**WHAT NEEDS TO BE DONE**
What you write must be the listing below in full, word for word, minus its pictures.

**SUPPLIED INFORMATION**
::::::::::

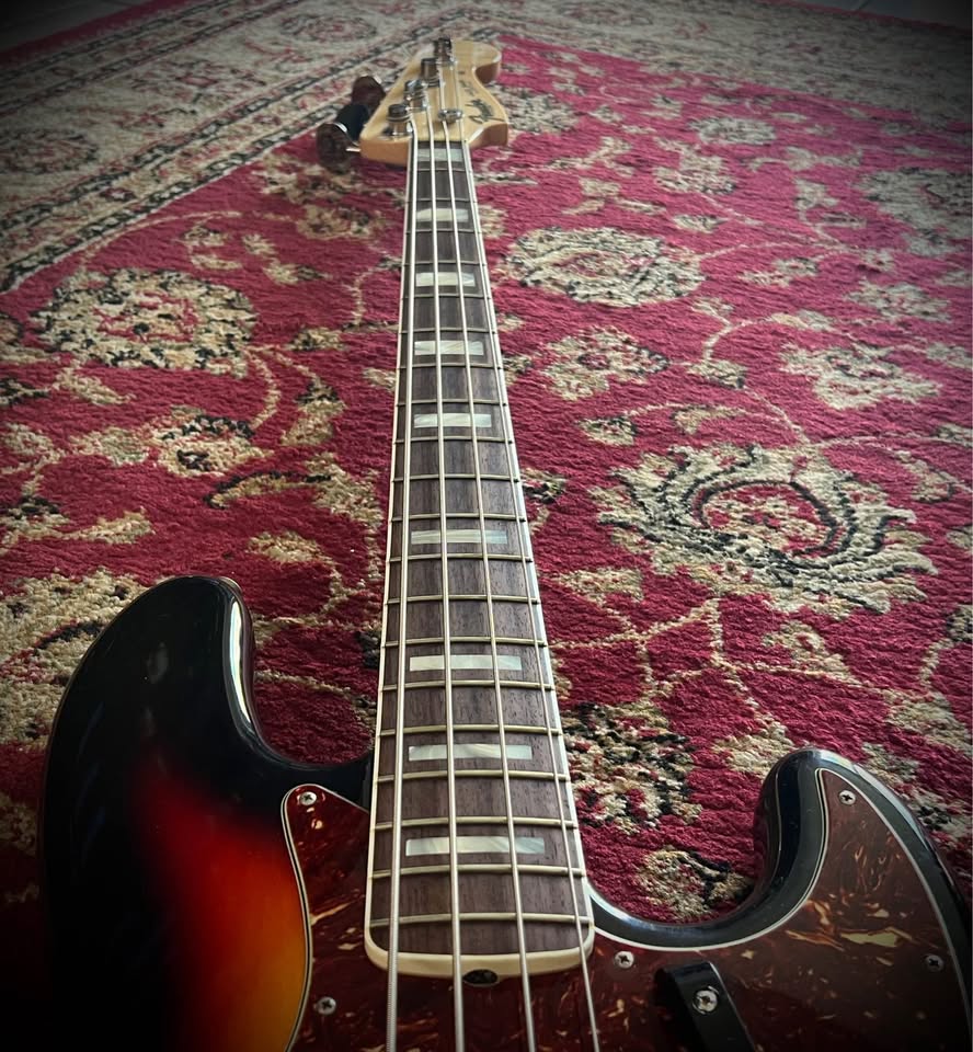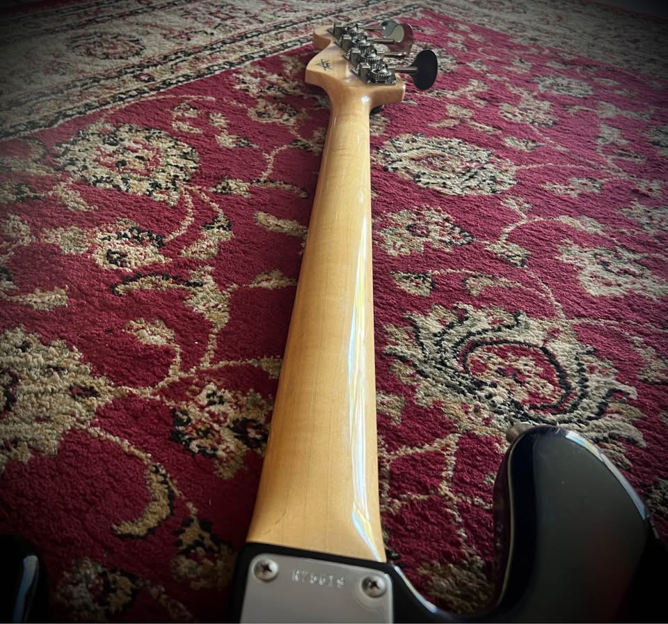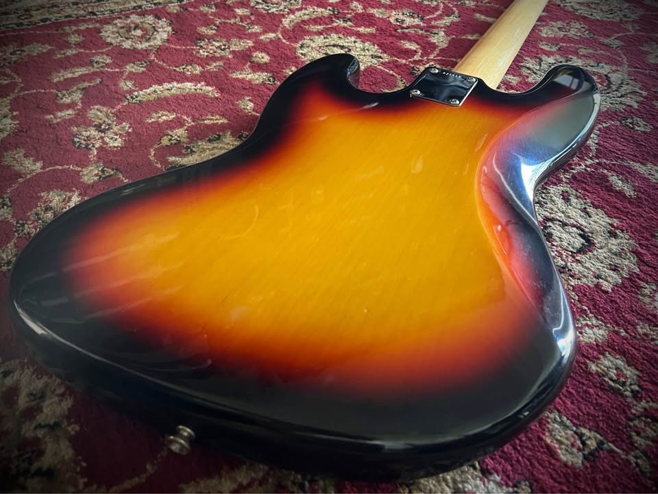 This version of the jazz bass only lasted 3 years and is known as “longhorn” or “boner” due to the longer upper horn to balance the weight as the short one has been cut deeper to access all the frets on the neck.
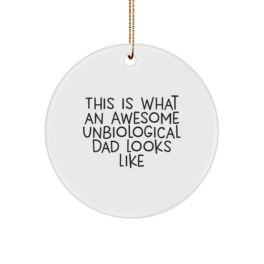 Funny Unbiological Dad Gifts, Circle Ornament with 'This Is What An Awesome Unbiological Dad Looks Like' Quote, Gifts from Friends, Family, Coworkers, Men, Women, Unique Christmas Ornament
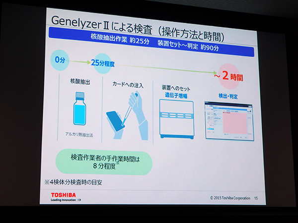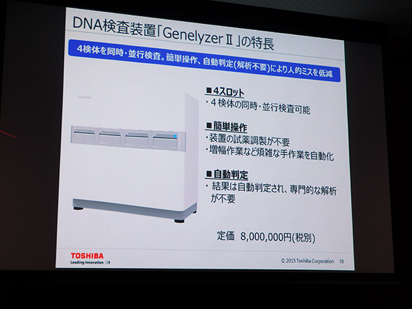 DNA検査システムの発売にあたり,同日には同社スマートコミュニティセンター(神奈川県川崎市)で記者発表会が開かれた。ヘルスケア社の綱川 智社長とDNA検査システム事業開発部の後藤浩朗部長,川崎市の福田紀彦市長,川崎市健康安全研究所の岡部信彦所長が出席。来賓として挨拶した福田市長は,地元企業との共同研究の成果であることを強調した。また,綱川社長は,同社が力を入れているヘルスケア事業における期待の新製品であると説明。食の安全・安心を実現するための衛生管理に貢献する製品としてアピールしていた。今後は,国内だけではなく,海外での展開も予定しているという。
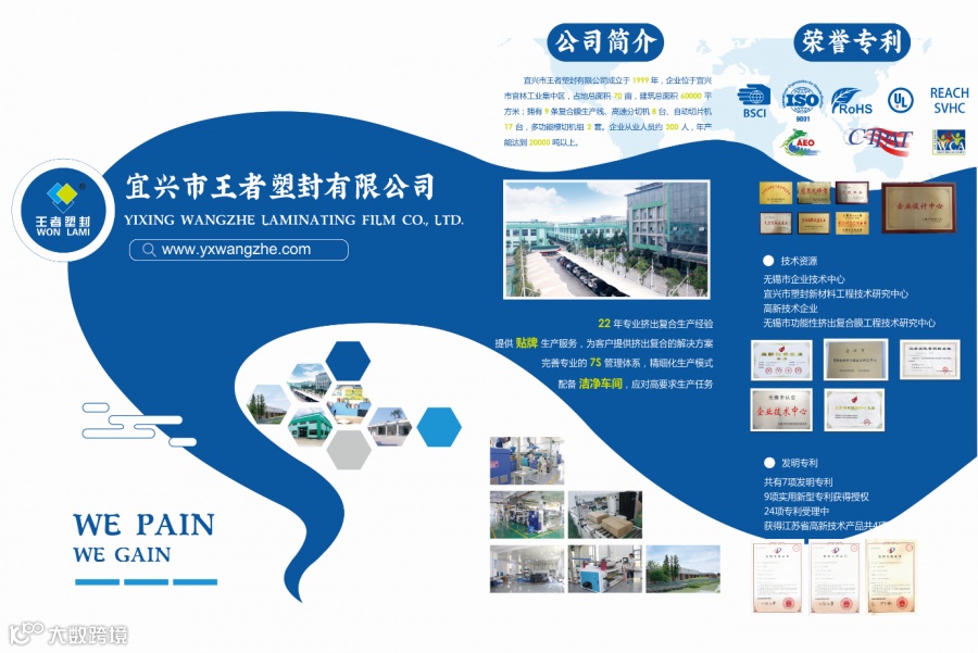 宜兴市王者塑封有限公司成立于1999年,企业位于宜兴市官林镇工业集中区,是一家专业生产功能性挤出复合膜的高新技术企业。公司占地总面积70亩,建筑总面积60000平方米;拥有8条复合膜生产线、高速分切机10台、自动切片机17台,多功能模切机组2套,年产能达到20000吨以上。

::::::::::

**FINISHED EXERCISE**
 This version of the jazz bass only lasted 3 years and is known as “longhorn” or “boner” due to the longer upper horn to balance the weight as the short one has been cut deeper to access all the frets on the neck.
 Funny Unbiological Dad Gifts, Circle Ornament with 'This Is What An Awesome Unbiological Dad Looks Like' Quote, Gifts from Friends, Family, Coworkers, Men, Women, Unique Christmas Ornament
 DNA検査システムの発売にあたり,同日には同社スマートコミュニティセンター(神奈川県川崎市)で記者発表会が開かれた。ヘルスケア社の綱川 智社長とDNA検査システム事業開発部の後藤浩朗部長,川崎市の福田紀彦市長,川崎市健康安全研究所の岡部信彦所長が出席。来賓として挨拶した福田市長は,地元企業との共同研究の成果であることを強調した。また,綱川社長は,同社が力を入れているヘルスケア事業における期待の新製品であると説明。食の安全・安心を実現するための衛生管理に貢献する製品としてアピールしていた。今後は,国内だけではなく,海外での展開も予定しているという。
 宜兴市王者塑封有限公司成立于1999年,企业位于宜兴市官林镇工业集中区,是一家专业生产功能性挤出复合膜的高新技术企业。公司占地总面积70亩,建筑总面积60000平方米;拥有8条复合膜生产线、高速分切机10台、自动切片机17台,多功能模切机组2套,年产能达到20000吨以上。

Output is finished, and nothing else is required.